United States v. Gary White

CALLAHAN, Circuit Judge,

concurring in part, and dissenting in part:

While I agree with the majority on all other counts, I would affirm White’s conviction for conspiracy to distribute controlled substances. In my view, the district court did not abuse its discretion in declining to provide a Sears instruction. I read United States v. Montgomery, 150 F.3d 983, 996-97 (9th Cir.1998), as implicitly holding that a Sears instruction is not required when there is overwhelming evidence of a drug conspiracy with non-governmental conspirators.1

Here, there was abundant evidence that White was a high-ranking, senior member of the Pueblo Bishops criminal street gang, and that one of the gang’s primary purposes was to control drug sales in the Pueblo Bishops Housing Projects. The government produced evidence of hundreds of drug transactions conducted by PBB members, and that White knew and approved of these drug sales by his position in the PBB and by encouraging other PBB members to protect the gang’s drug selling territory. In light of this evidence, the district court did not err in finding that there was an insufficient evidentiary foundation to require a Sears instruction.

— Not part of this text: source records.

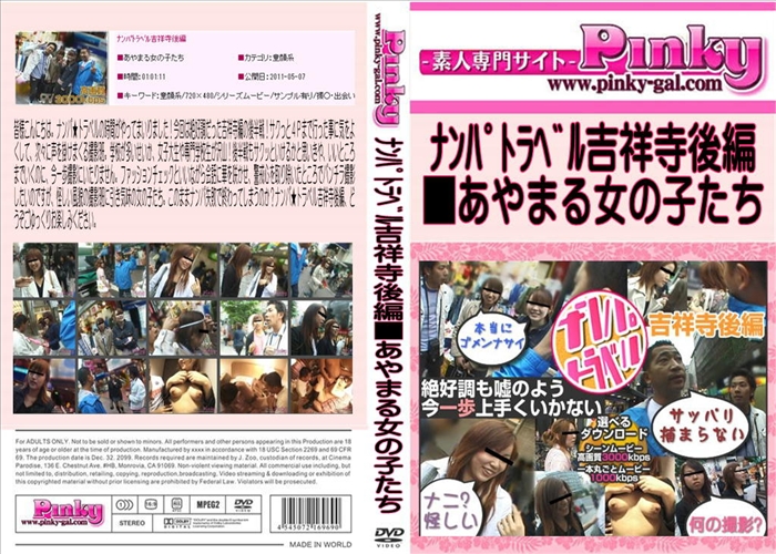 新作 皆様こんにちは。ナンパ★トラベルの時間がやってまいりました!今回は絶好調だった吉祥寺編の後半戦!サクっと4Pまで行った事に気をよくして、次々に声を掛けまくる撮影班。学校が多いせいか、女子大生や専門学校生が沢山!後半戦もサクッといけるかと思いきや、いいところまでいくのに、今一歩撮影にいたりません。ファッションチェックといいながら会話に華を咲かせ、警戒心を取り除いたところでパンチラ撮影したいのですが、怪しい風貌の撮影班に引き気味の女の子たち。このままナンパ失敗で終わってしまうのか?ナンパ★トラベル吉祥寺後編、どうぞごゆっくりお楽しみください。 童顔系 クンニ 和物 ピンキー 無修正 pinky メーカー: pinky 女優: あやまる女の子たち 61 分
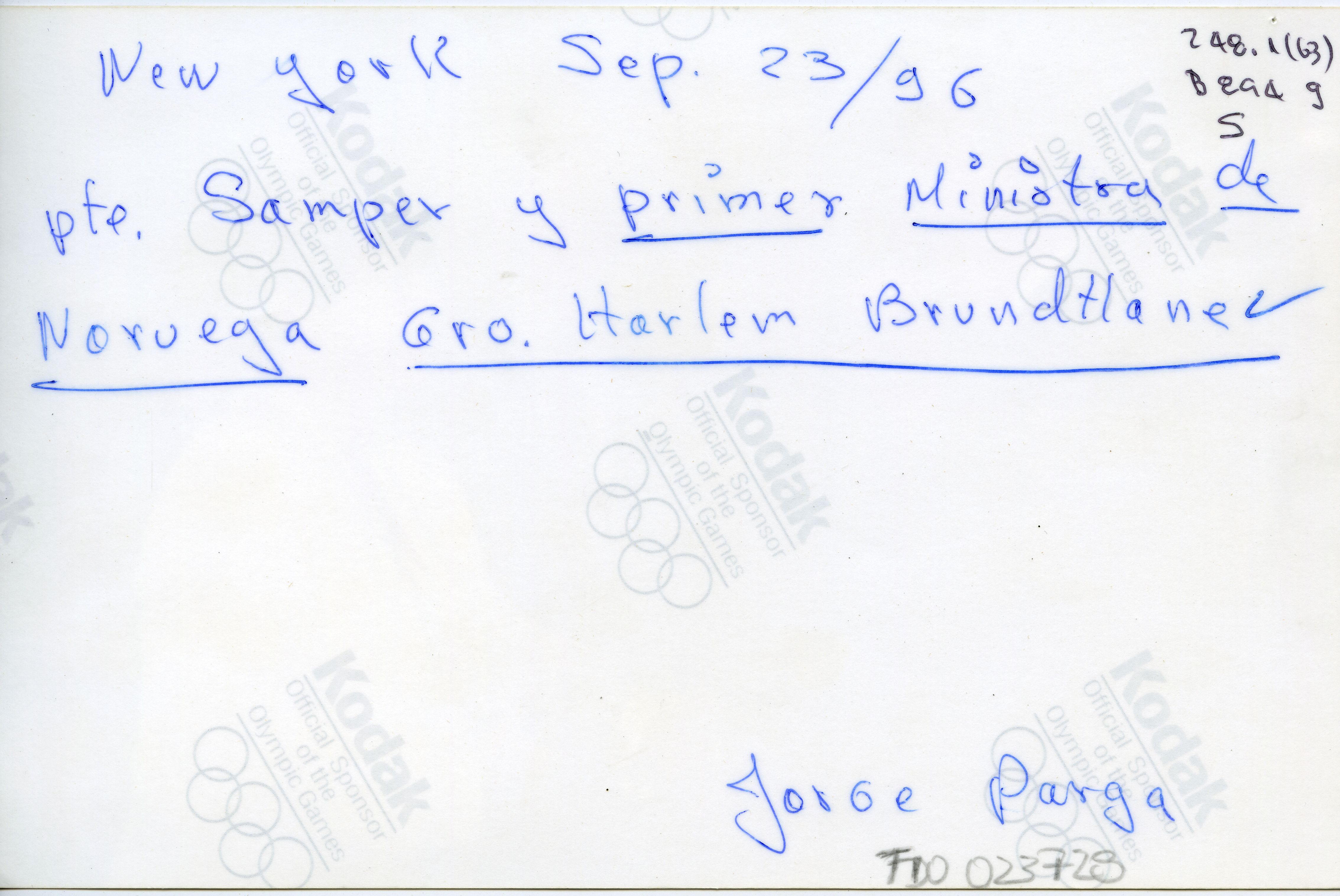 | dc.description.abstract | Presidente, Ernesto Samper Pizano y primer ministra Noruega, Harlem Brundtlane. Se precia al presidente saludando a la ministra | spa |
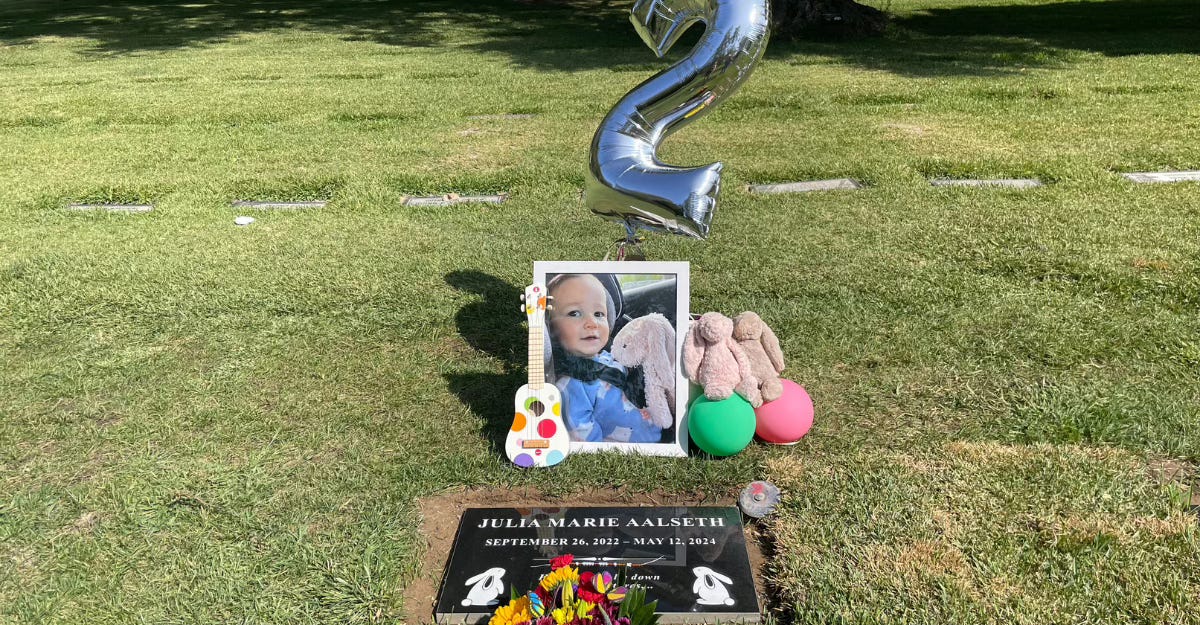 There's no manual for this. I'm not sure I would know how to throw an earthly birthday for a two-year-old, let alone a heavenly one. But as a parent, you do these things, because that's how you know how to love. I intend to be Julia's mom forever. I promised her when she died that I would hold her forever. I'm doing my best, Jules.
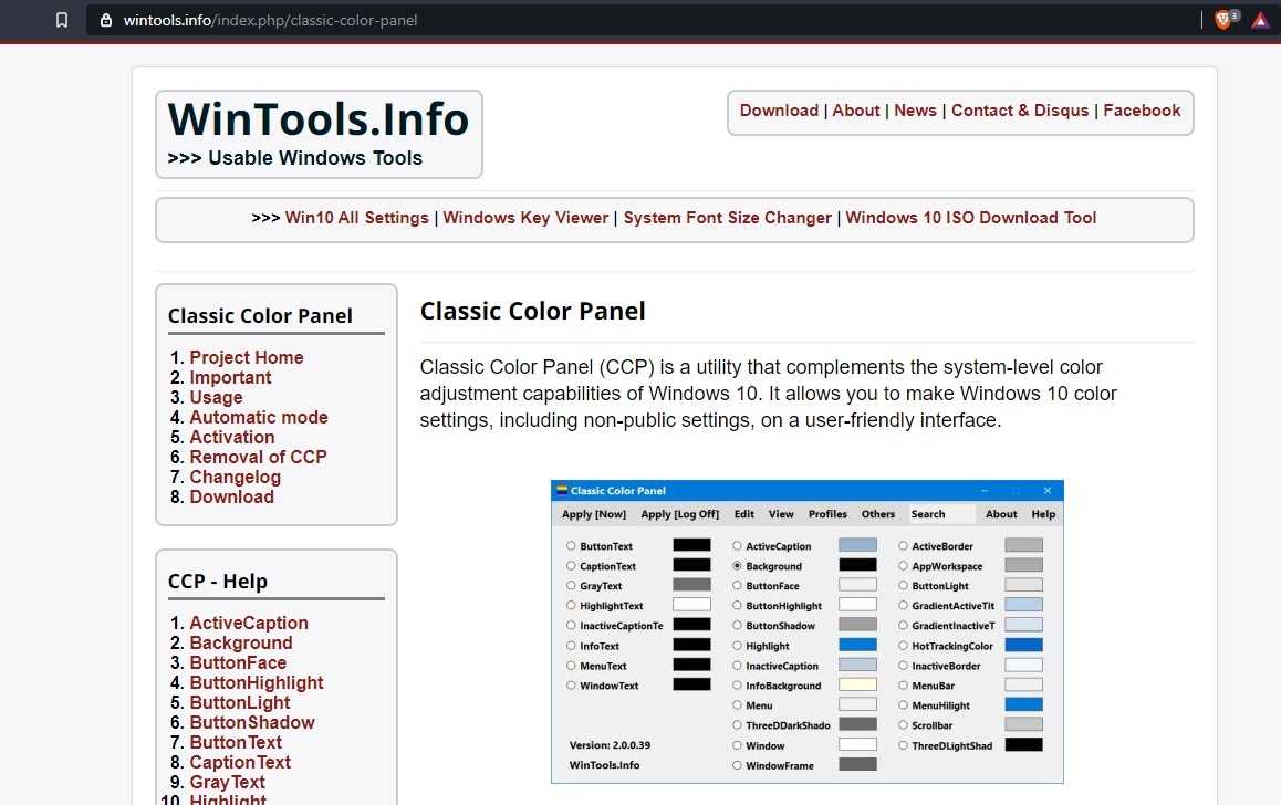 Classic Color Panel — небольшая утилита для изменения цветов почти всех элементов, которую скачать можно с официального сайта: www.wintools.info/index.php/classic-color-panel. Утилита работает путем внесения изменений в реестр, которые можно сделать и вручную.

The jury’s drug quantity finding does not imply that it found White conspired only with the government informant. Rather, the more compelling inference is that the jury accepted the overwhelming evidence of White’s conspiracy with PBB members to sell drugs in the Housing Project, including, but not limited to, the two *897sales to the' confidential informant, but only found the drug quantities of those two sales were proven beyond a reasonable doubt. The quantity finding does not negate evidence of the conspiracy between PBB gang members to distribute drugs.

We have not held that a Sears instruction is required, per se, in every conspiracy case in which á government informant is present. But following the majority’s approach, when would a district court ever have the discretion to deny a request for a Sears instruction when the alleged conspiracy involves a government informant?

District courts are frequently bombarded with proposed jury instructions with little time for research. Accordingly, we afford district courts considerable deference in determining whether a jury instruction has sufficient evidentiary foundation. United States v. Daane, 475 F.3d 1114, 1119 (9th Cir.2007). This is the precise instance in which, as an appellate court, we should defer to the discretion of a district court. Here, the district court spent over one-hundred hours with defense counsel presiding over this trial, presiding over other co-defendants’ trials, and conducting other related proceedings. The district court was well aware of the facts alleged and the theory of defense. I would hold that the district court did not abuse its discretion in declining to give a Sears instruction.

I respectfully dissent.

. Despite the differences in posture, Montgomery is instructive. On appellate review in Montgomery, we considered " 'whether the case presented at trial support[ed] giving an instruction based on a particular theory of defense.’ ” Id. at 996 (quoting United States v. Span, 970 F.2d 573, 578 (9th Cir.1992)). In holding that the defendant did not rely on a Sears-type defense theory at trial, we stated: "Montgomery asks this court to consider the possibility that the jury could have disbelieved every shred of evidence presented at trial except for [his conversations with the government informant] and concluded that Montgomery had conspired to manufacture, distribute, and import methamphetamine solely with [the government informant].” Id. Thus, in reaching its holding that a Sears instruction was not required, we reflected on the paucity of evidence suggesting that the defendant conspired only with the government agent. We should reflect here as well.